CrossEncoderTokenizer
- class lightning_ir.cross_encoder.cross_encoder_tokenizer.CrossEncoderTokenizer(*args, query_length: int = 32, doc_length: int = 512, **kwargs)[source]
Bases:
LightningIRTokenizer
- __init__(*args, query_length: int = 32, doc_length: int = 512, **kwargs)[source]
LightningIRTokenizer
for cross-encoder models. Encodes queries and documents jointly and ensures that the input sequences are of the correct length.- Parameters:
query_length (int, optional) – Maximum number of tokens per query, defaults to 32
doc_length (int, optional) – Maximum number of tokens per document, defaults to 512
Methods
__init__
(*args[, query_length, doc_length])LightningIRTokenizer
for cross-encoder models.tokenize
([queries, docs, num_docs])Tokenizes queries and documents into a single sequence of tokens.
Attributes
- config_class
Configuration class for the tokenizer.
alias of
CrossEncoderConfig
- classmethod from_pretrained(model_name_or_path: str, *args, **kwargs) Self
Loads a pretrained tokenizer. Wraps the transformers.PreTrainedTokenizer.from_pretrained method to return a derived LightningIRTokenizer class.
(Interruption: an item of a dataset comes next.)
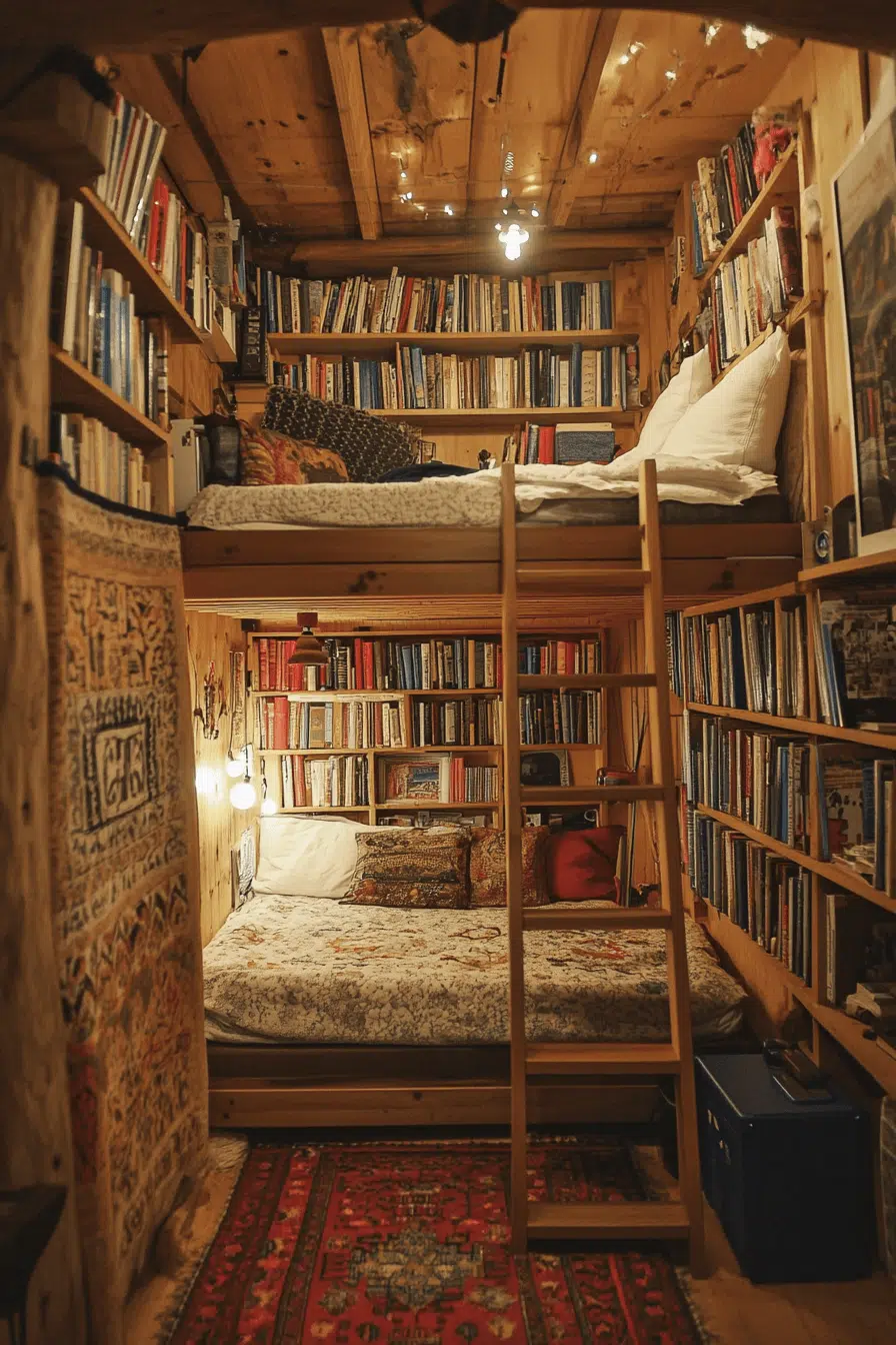 Book lovers thrive with loft beds for small rooms that incorporate reading zones. Shelves built into the structure keep favorite titles close at hand. The lower area becomes a peaceful reading retreat. This design celebrates both comfort and personality. It’s perfect for readers short on space but big on style.

See
LightningIRTokenizerClassFactory
for more details.>>> Loading using model class and backbone checkpoint >>> type(BiEncoderTokenizer.from_pretrained("bert-base-uncased")) ... <class 'lightning_ir.base.class_factory.BiEncoderBertTokenizerFast'> >>> Loading using base class and backbone checkpoint >>> type(LightningIRTokenizer.from_pretrained("bert-base-uncased", config=BiEncoderConfig())) ... <class 'lightning_ir.base.class_factory.BiEncoderBertTokenizerFast'>
- Parameters:
model_name_or_path (str) – Name or path of the pretrained tokenizer
- Raises:
ValueError – If called on the abstract class
LightningIRTokenizer
and no config is passed- Returns:
A derived LightningIRTokenizer consisting of a backbone tokenizer and a LightningIRTokenizer mixin
- Return type:
- tokenize(queries: str | Sequence[str] | None = None, docs: str | Sequence[str] | None = None, num_docs: Sequence[int] | int | None = None, **kwargs) Dict[str, BatchEncoding] [source]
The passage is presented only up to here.